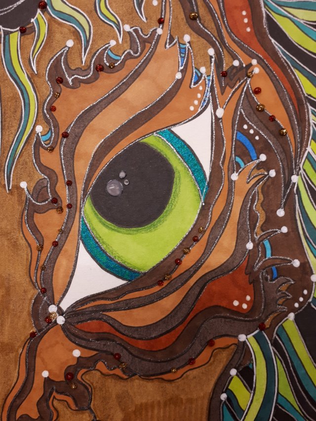 "Das ANDERS-TIER im Sternenhimmel", 60x80, Acrylfarbe, Acrylstifte, Acrylspray, Glitzerfarbe und Streuglitzer auf schwarzer Leinwand , unverkäuflich.
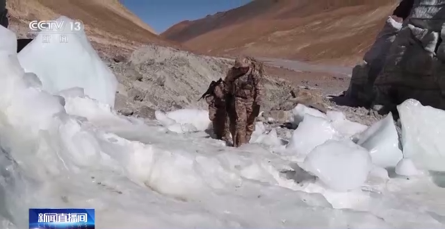 經(jīng)過(guò)一個(gè)多小時(shí)的車(chē)行顛簸,巡邏分隊(duì)到達(dá)了車(chē)行道路的終點(diǎn),接下來(lái)的徒步巡邏才是此次巡邏挑戰(zhàn)的開(kāi)始。翻越海拔6000米的冰川,這對(duì)于常年駐守的官兵們來(lái)說(shuō)也是極大的挑戰(zhàn),行進(jìn)途中稍不注意就會(huì)摔倒在地,即便是經(jīng)驗(yàn)豐富的老兵走在上面也時(shí)常手腳并用才能前行。
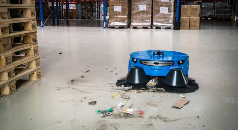 Der Reinigungsroboter K900 von KEMARO (Kehrmaschinen-Roboter) dreht in Lagerhallen seine Runden. Er saugt gröberen Schmutz, PET- und Glasflaschen sowie Holzklötze von Paletten auf. Dank Sensoren und Software behält er auch bei veränderter Umgebung die Orientierung. Mit 35 cm Bauhöhe bleibt er niedrig und passt unter Regale. «Wir haben den Roboter von A bis Z selbst entwickelt», sagt Ingenieur und KEMARO-Mitgründer Martin Gadient.
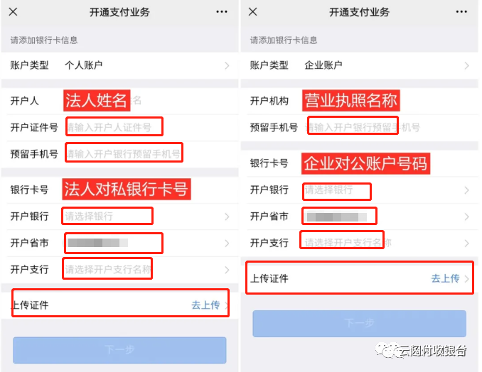 小微商户以及普通商户需要对私入账,请选择个人账户(下图左),即法人对私银行卡;普通商户需要对公入账,请选择企业账户(下图右),即企业对公账户;如果查询不到开户支行名称,请选择所在地市的分行
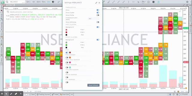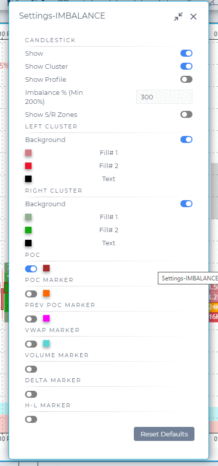Click on the gear icon on the Chart Legend/Tooltip to open the Settings Dialgue for Imbalance Charts
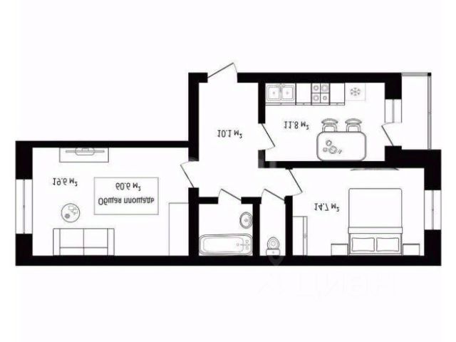 - Общая площадь: 60.7 м2
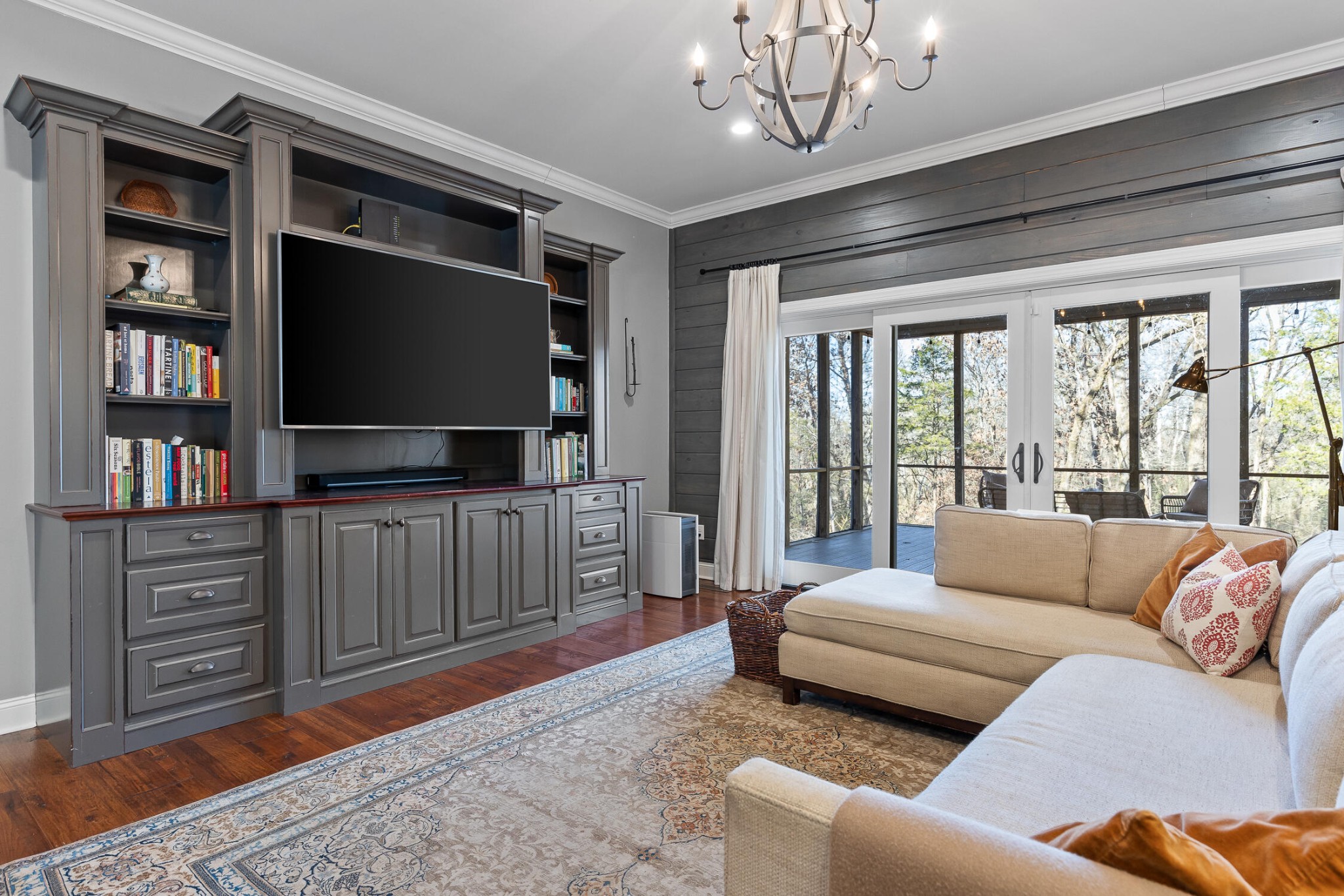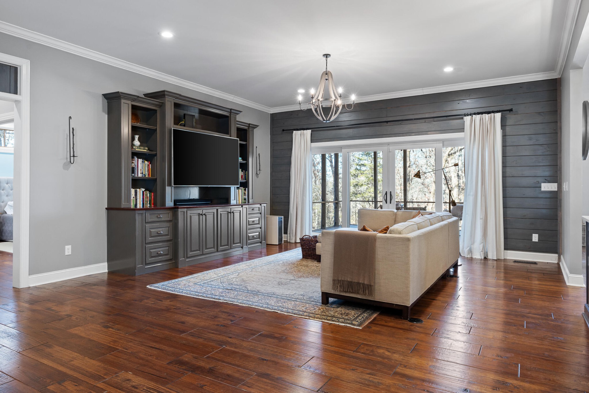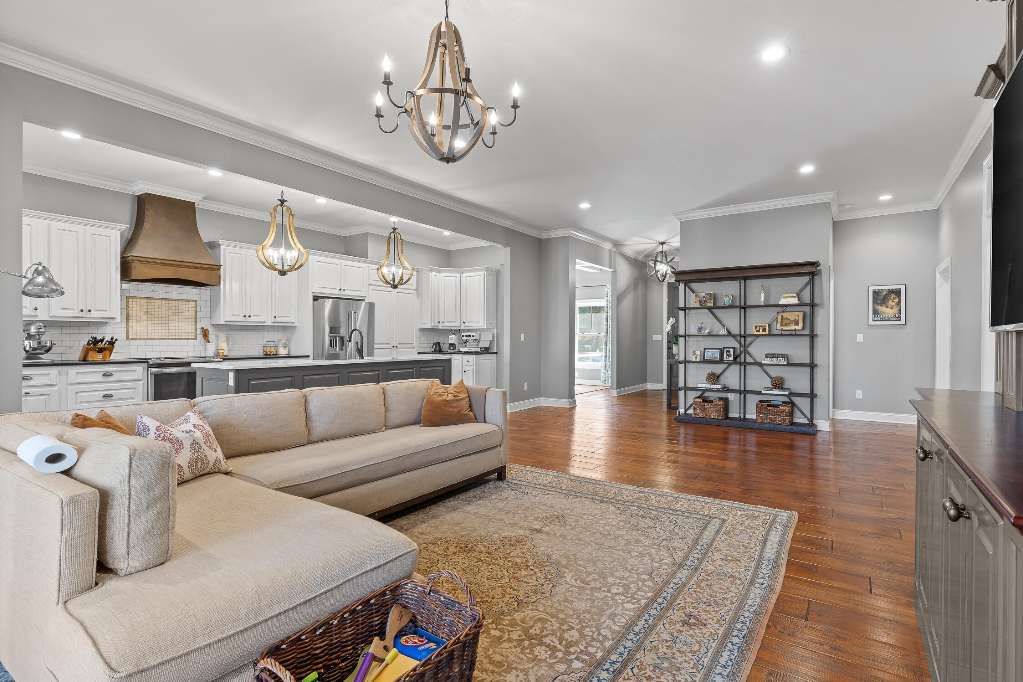 Welcome to your private sanctuary on nearly 14 acres along the serene West Chickamauga Creek. Take a drive along the meandering driveway and immerse yourself in luxury as you enter this 4-bedroom, 3.5-bathroom, 4000 sqft home, meticulously built in 2015. The grandeur begins with exquisite hardwood floors, high ceilings, and an inviting open floor plan. As you enter the home, you are greeted with the formal dining room, adorned with coffered ceilings, adjacent to the stylish kitchen. The exquisite kitchen features beautiful white cabinets, granite counters, and stainless steel appliances. Discover a hidden pantry with matching cabinet doors and a seamless pass-through to the garage for convenient grocery delivery. Seamlessly flowing into the expansive living room, revel in the tongue-and-groove accent wall and custom entertainment center or to the sunlight bathed breakfast room with custom built in hutch. The primary suite is on the first floor and dazzles with tray ceilings and a walk-in closet doubling as a storm shelter with reinforced walls and a steel door. The en-suite primary bathroom features double sinks, a spacious walk-in tile shower with double shower heads and a private water closet. There are two additional guest bedrooms on the first floor, both with walk-in closets. The spacious first guest bedroom could easily double as a second primary suite with a full en-suite bathroom and tray ceilings with tongue and groove accents. The second guest bedroom is versatile in design as this room doubles effortlessly as a convenient office space. The adjacent guest bathroom ensures comfort and convenience, making it an ideal haven for visitors or a functional workspace to suit your needs. The laundry room is a vision of functionality with custom cabinets with storage galore, a double basin sink, and beautiful tile floors.
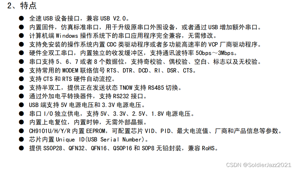 因为咱也不是专门研究这类芯片的,专业的事儿交给专业的人处理,直接发邮件给官方咨询关于芯片选型的问题,主要目的是替代FT232芯片,功能参数方面可以满足我们项目需求即可。意想不到的是,上面表格中的CH9101芯片和FT232RL、FT232RQ、FT230XS、FT230XQ系列的是PinToPin引脚兼容的型号。先去官网看了下芯片手册(说实话,因为懒,很多FT芯片特性的英文资料也没有好好理解,这次有了中文资料和国内技术支持就可以好好研究一番了)。这次主要研究下一些新的特性,直接上图:
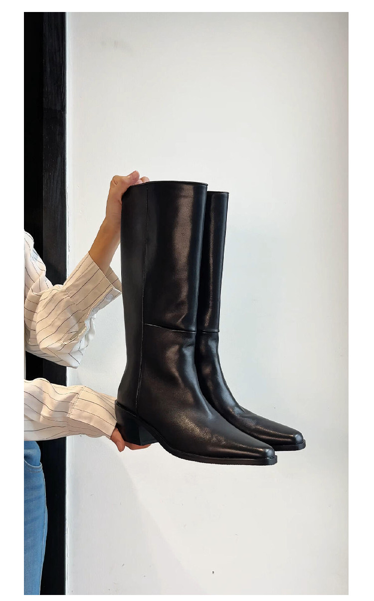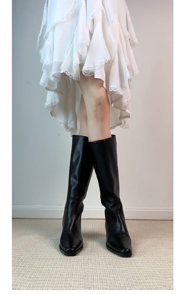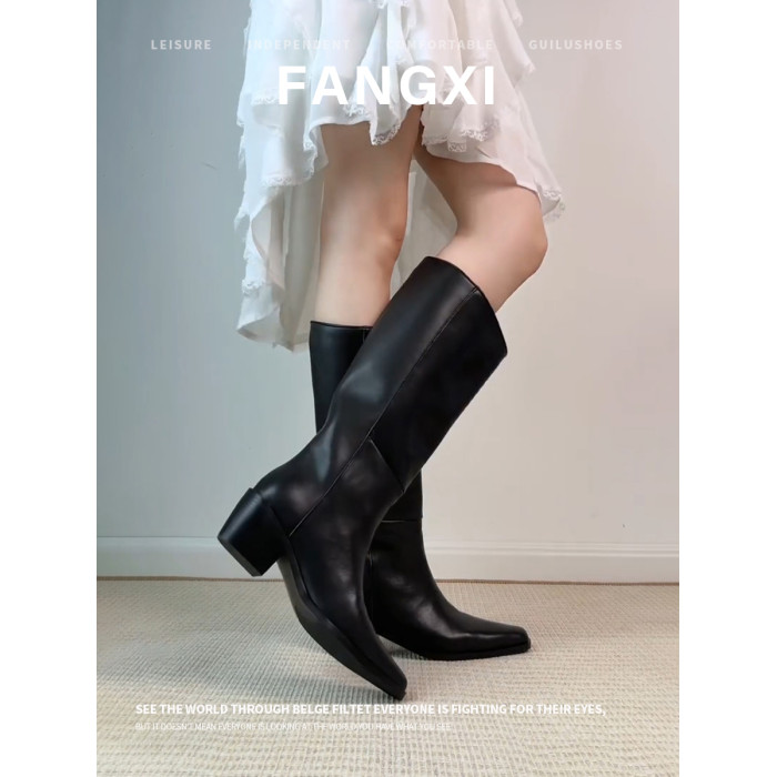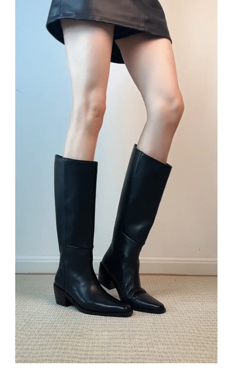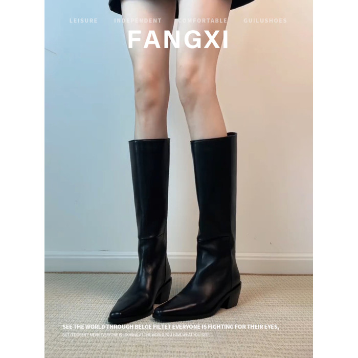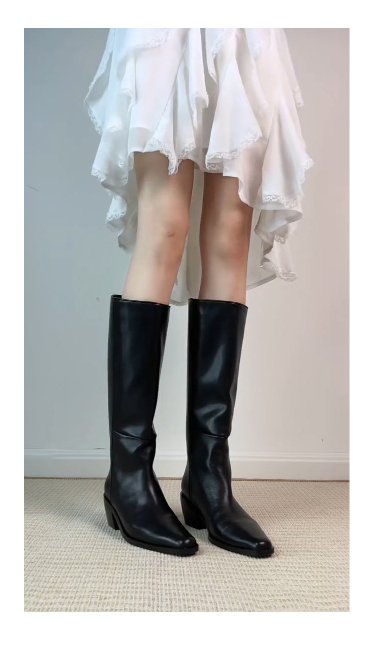 牛皮版~秋冬尖頭高筒騎士靴粗跟長筒靴女不過膝靴子寬筒高跟長靴
################
> EXERCISE:
Copy only this from above: the line containing "Der Reinigungsroboter K900", the line containing "- Общая площадь: 60.7 м2", and all lines between, printed exactly. Leave out the pictures.

> TASK SOLUTION:
 Der Reinigungsroboter K900 von KEMARO (Kehrmaschinen-Roboter) dreht in Lagerhallen seine Runden. Er saugt gröberen Schmutz, PET- und Glasflaschen sowie Holzklötze von Paletten auf. Dank Sensoren und Software behält er auch bei veränderter Umgebung die Orientierung. Mit 35 cm Bauhöhe bleibt er niedrig und passt unter Regale. «Wir haben den Roboter von A bis Z selbst entwickelt», sagt Ingenieur und KEMARO-Mitgründer Martin Gadient.
 小微商户以及普通商户需要对私入账,请选择个人账户(下图左),即法人对私银行卡;普通商户需要对公入账,请选择企业账户(下图右),即企业对公账户;如果查询不到开户支行名称,请选择所在地市的分行
Click on the gear icon on the Chart Legend/Tooltip to open the Settings Dialgue for Imbalance Charts
 - Общая площадь: 60.7 м2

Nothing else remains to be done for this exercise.